## Directions for this task
In the listing below, the lines starting at the line with "Sé el primero" and ending at the line with "职场办公:双电脑共用打印机、键鼠,桌面整洁无杂乱,切换高效不耽误工作;" are to be output verbatim. Images stay out of the copy.

## Supplied information
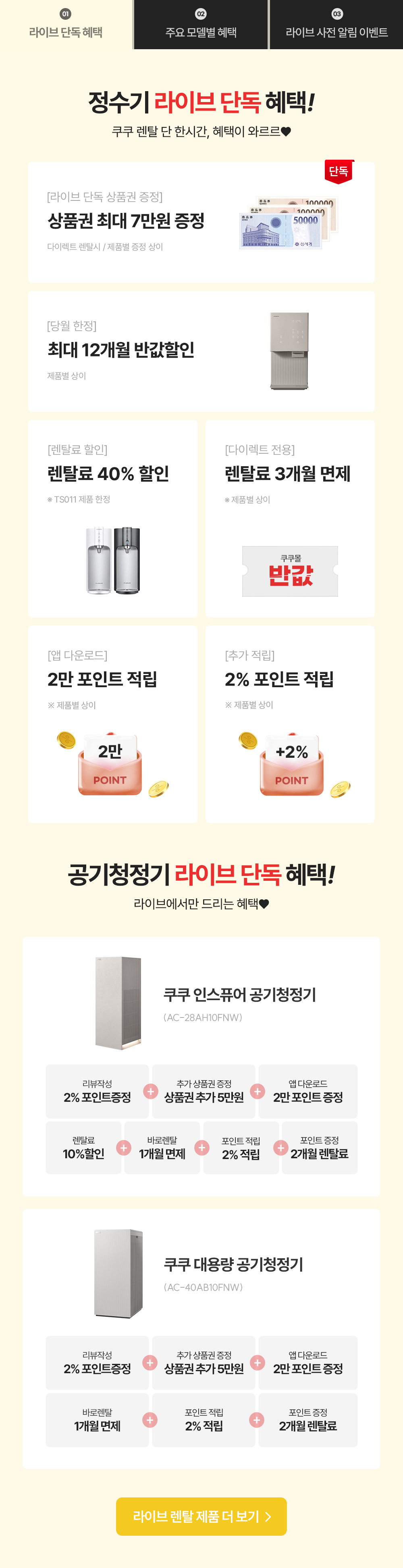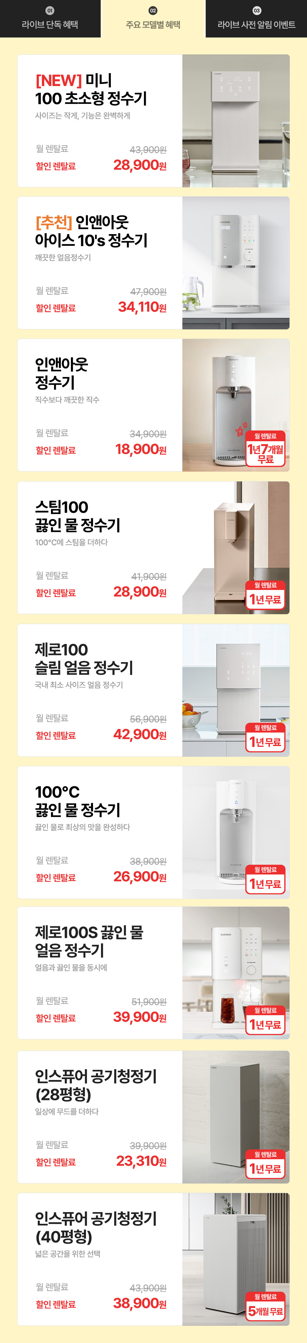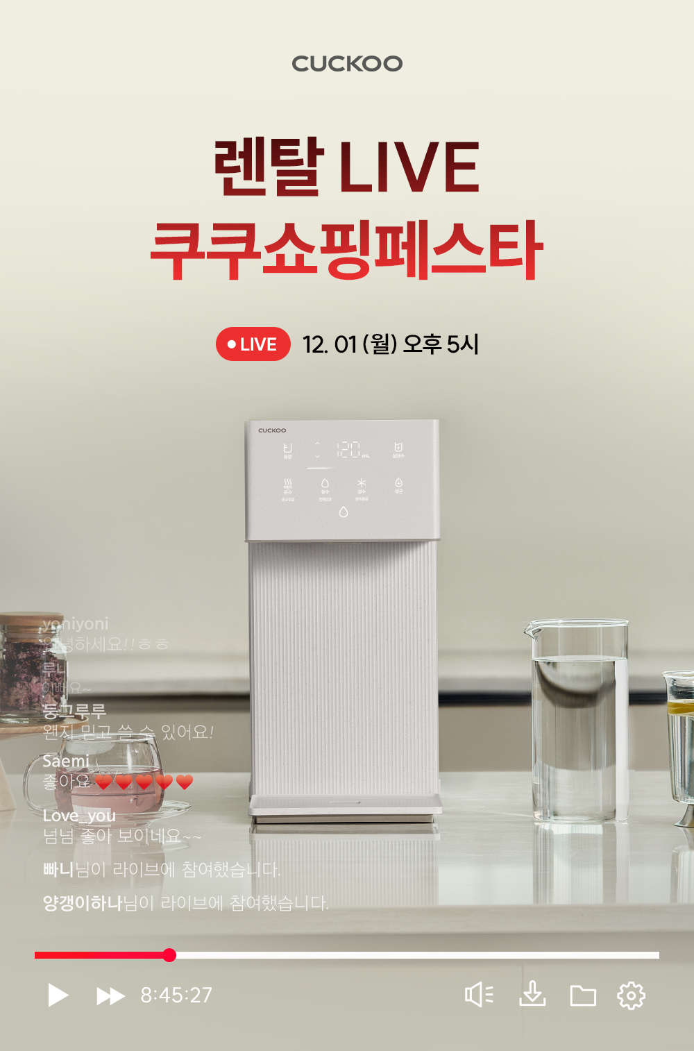 [쿠쇼페 렌탈 라이브/12월 1일 (월) 오후 5시] ★7만원 상품권★ 정수기 다이렉트 렌탈 3개월 면제!
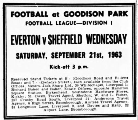 While most people are prepared to fine Arrowsmith as Liverpool’s centre forward, Mr. Shankly has introduced some speculation by linking Phil Ferns with Tom Moran at left back. In the four senior games he has played this season Ferns has shown a decided advance in maturity and he dropped out of the sides, not because of any dissatisfaction with his play, but rather because Stevenson must be just about one of the most difficult left halves in the game to depose. Ferns had two outings at right back last season, without being hailed as the heaven-sent answer to prolonged prayer, but that was last season, and Ferns, in his new frame of mind, could be a very different proposition. In pondering the problem, Mr. Shankly no doubt recognises the speed which Alex Scott can bring to hear on Everton’s right wing and asks himself, will ferns be better able to cope with such pace than Moran? On the answer he supplies to the query will depend whether or not Ferns like Peter Thompson, is given his “derby” baptism. Ask me to name the winner of this, the eighty-ninth League clash between the sides, and in honesty I can only take refuge in the solution which was applied to the last two meetings, when both ended in drawn games. The teams appear as well matched now as ever they were, for if I were to admit to acknowledging some sneaking suggestion of the finesse of fine attacking advantage in Everton’s favour, it is promptly cancelled out by a faith in Liverpool’s defence. Roger Hunt generally enjoys himself against Everton, and perhaps that is why Tony Kay remains in his normal left half position, instead of accommodating Harris by moving over.
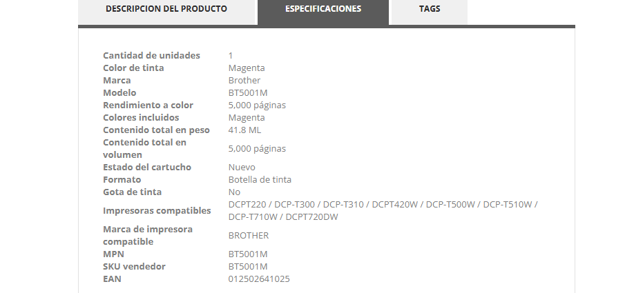 Sé el primero en valorar “Tinta Brother / Magenta / Alto Rendimiento / Hasta 5000 Paginas / Compatible Con Tinta Continua Bt5001m”
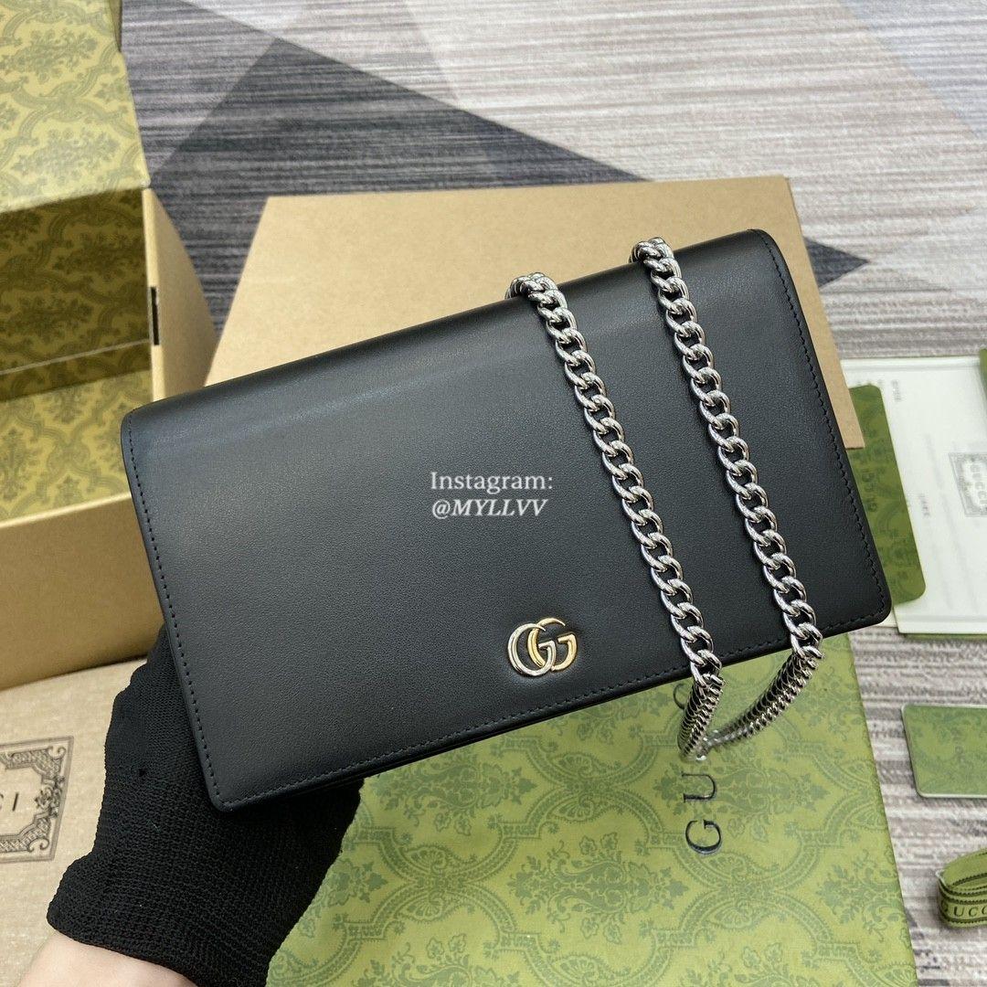 Top Quality Version:MYLLVV » Gucci GG Marmont Series Chain Strap Wallet Black 790060
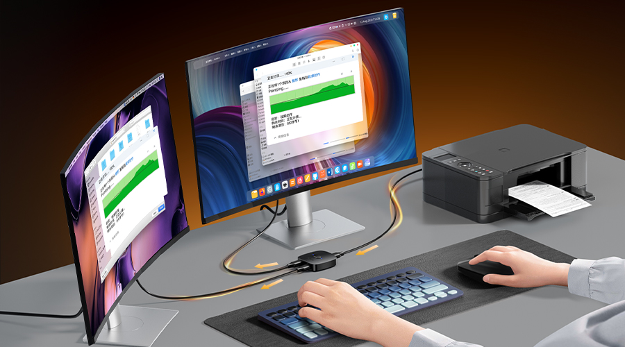 职场办公:双电脑共用打印机、键鼠,桌面整洁无杂乱,切换高效不耽误工作;
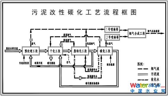該技術(shù)具有以下亮點(diǎn): (1)降低污泥含水量的技術(shù)創(chuàng)新 將污泥中的含水量從80%降到5%以內(nèi),通常是對污泥進(jìn)行高壓甩干脫水或外加熱源的辦法,其成本很高且有機(jī)物及重金屬無法分離。該項(xiàng)目運(yùn)用污泥改性碳化處理系統(tǒng)的方法,既可以實(shí)現(xiàn)余熱的充分回收利用,又能夠提高污泥的熱解特性和熱值品位。這樣便大大節(jié)約了能耗,降低了成本,當(dāng)污泥有機(jī)物含量達(dá)到50%以上即可實(shí)現(xiàn)能源的完全自給自足,無需任何外供能源。 (2)重金屬固化的技術(shù)創(chuàng)新 該專利技術(shù)除將污泥中所含的有機(jī)質(zhì)與無機(jī)質(zhì)分離外,通過改性劑的作用,將污泥中的蛋白質(zhì)進(jìn)行水解、氨基酸脫氨基及氨的固定,利用固定后的氯化銨與添加的氫氧化鈣和葡萄糖粉逐步發(fā)生反應(yīng),以降低污泥重金屬離子化合物或直接還原成單質(zhì)。未被完全還原的重金屬離子可在后續(xù)的熱解過程中在污泥受熱后剩余的固定炭的還原作用下還原成金屬單質(zhì),將重金屬固化。 (3)低碳、節(jié)能的改性、熱解技術(shù)創(chuàng)新 改良后污泥其熱解性能和熱值品位均有所提高,進(jìn)入獨(dú)特的多套筒結(jié)構(gòu)碳化爐后,能夠充分利用自身熱值進(jìn)行加熱,同時(shí)產(chǎn)生的大量余熱進(jìn)入干化爐進(jìn)行余熱回收。最終的碳化顆?梢宰鳛殇伮凡牧稀⒔ú脑,可制成市政用涵管、磚、板等環(huán)保建材制品或者用于園林綠化等,實(shí)現(xiàn)污泥處理處置減量化、無害化、穩(wěn)定化和資源化的目標(biāo)。 (4)體積減量化 該技術(shù)可以實(shí)現(xiàn)污泥的體積減量。市政脫水污泥含水率較高,容積較大,占有的空間較大。經(jīng)過污泥改性碳化處理系統(tǒng)技術(shù)處理之后,污泥的體積量大大減少,污泥按照含水率80%,其體積可以減少90%以上。 (5)煙氣資源化高效處理 應(yīng)用煙氣合成隧道,將污泥處置過程產(chǎn)生的CO2、SO2、NOx等廢氣合成農(nóng)用有機(jī)肥料,處理后的煙氣中NOx 、SO2 、CO2去除率可到達(dá)95%以上。煙氣合成隧道工藝不但可實(shí)現(xiàn)SO2、NOx的高效去除,同時(shí)還能夠有效去除CO2釋放出O2,這一創(chuàng)舉不但實(shí)現(xiàn)了煙氣的資源化利用,同時(shí)還實(shí)現(xiàn)了碳減排,填補(bǔ)了國際煙氣處理資源化利用的空白。如今全球碳交易正進(jìn)行的如火如荼,此項(xiàng)技術(shù)必將會(huì)給碳交易市場帶來無限可能。 (6)改變了治理污泥投入大于產(chǎn)出的現(xiàn)狀 污泥治理是世界難題,除了技術(shù)問題還有一個(gè)重要原因是投入大,產(chǎn)出少,社會(huì)效益顯著,經(jīng)濟(jì)效益負(fù)數(shù),制約了經(jīng)濟(jì)發(fā)展,是政府治理污染的巨大的財(cái)政負(fù)擔(dān)。該項(xiàng)目實(shí)現(xiàn)了向污泥要資源要能源的設(shè)想,不僅能資源利用還有可觀的經(jīng)濟(jì)效益,還能緩解能源緊張及填埋占用土地等問題。 三、工藝流程描述 工藝流程圖 本項(xiàng)目的主工藝路線為:原泥與改性劑以及改性后的污泥在預(yù)處理工段混合---干化工段---脂轉(zhuǎn)化工段---碳化工段---煙氣合成工段---尾氣達(dá)標(biāo)排放,其整體工藝流程框圖如圖所示。 本工藝主體設(shè)備包含原泥料倉、混合倉、干化爐、翻拋機(jī)、改性碳化爐、煙氣合成隧道、冷卻系統(tǒng)及一體化污水處理設(shè)備等。 首先,含水率80%的污泥與改性后的干化污泥及改性劑按一定比例在預(yù)處理工段進(jìn)行混合,混合后含水率為70%左右,同時(shí)通過添加改性劑不但可以參與改性反應(yīng),還能夠在混合過程中極大程度的去除污泥臭味,達(dá)到固氮、固硫的效果。 混合后的污泥通過傳輸裝置送入干化工段,干化后污泥含水率可從70%降至60%左右,其熱源為改性碳化爐產(chǎn)生的高溫?zé)煔饧案邷靥蓟w粒。干化爐為套筒結(jié)構(gòu),改性碳化爐產(chǎn)生的高溫?zé)煔饧案邷靥蓟w粒進(jìn)入干化爐與改性后的原泥進(jìn)行熱交換,這樣不但能夠有效降低煙氣及碳化顆粒溫度,還能夠充分利用改性碳化爐余熱進(jìn)行干化處理。 經(jīng)干化后的污泥由傳輸裝置輸送至脂轉(zhuǎn)化工段,歷經(jīng)7天左右的改性反應(yīng)后其含水率可從60%降至30%左右,在脂轉(zhuǎn)化工段中污泥利用改性劑中的酵母菌群產(chǎn)熱脫水,將污泥中的蛋白質(zhì)、糖類物質(zhì)在污泥改性劑脂轉(zhuǎn)換酶的作用下轉(zhuǎn)化為油脂,并產(chǎn)生熱量,改性過程中污泥溫度最高可達(dá)到70℃,并且經(jīng)改性后的污泥其含油率提高到7~15%。經(jīng)干化工段換熱后的煙氣以及改性碳化爐的循環(huán)熱水也會(huì)為改性溝供熱,從而提高了改性反應(yīng)和水分蒸發(fā)的速率。 改性后的污泥進(jìn)入碳化工段,經(jīng)碳化后污泥含水率將從30%降至0~5%以下。碳化工段中使用的改性碳化爐采用獨(dú)特的多套筒結(jié)構(gòu),能夠最大限度的延長污泥在爐內(nèi)的停留時(shí)間。同時(shí),還能夠?qū)⑽勰喾謪^(qū)加熱,不同溫度段其污泥的反應(yīng)機(jī)理也不同。在低溫段(100~150℃)污泥主要為水分蒸發(fā)過程,通過在此段設(shè)置引風(fēng)機(jī)可將大部分水蒸氣通過冷卻塔冷凝,然后通入煙氣合成隧道進(jìn)行處理并達(dá)標(biāo)排放,從而減少
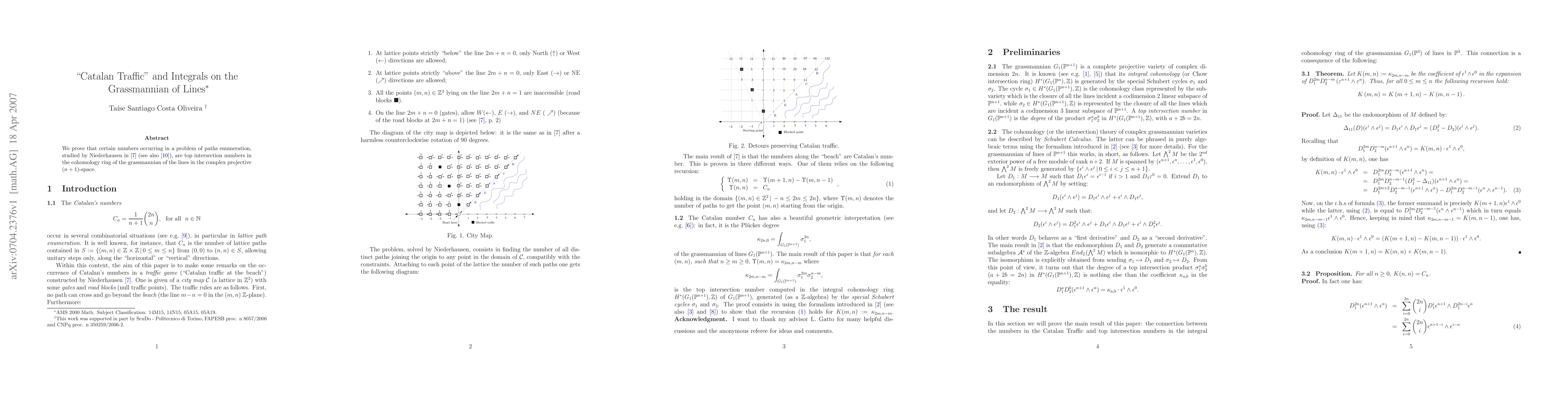 We prove that certain numbers occurring in a problem of paths enumeration, studied by Niederhausen (Catlan Traffic at the Beach, The Electronic Journal of Combinatorics, 9, (2002), 1--17), are top intersection numbers in the cohomology ring of the grassmannians of the lines in the complex projective (n+1)-space.

## Reply to the exercise
 Sé el primero en valorar “Tinta Brother / Magenta / Alto Rendimiento / Hasta 5000 Paginas / Compatible Con Tinta Continua Bt5001m”
 Top Quality Version:MYLLVV » Gucci GG Marmont Series Chain Strap Wallet Black 790060
 职场办公:双电脑共用打印机、键鼠,桌面整洁无杂乱,切换高效不耽误工作;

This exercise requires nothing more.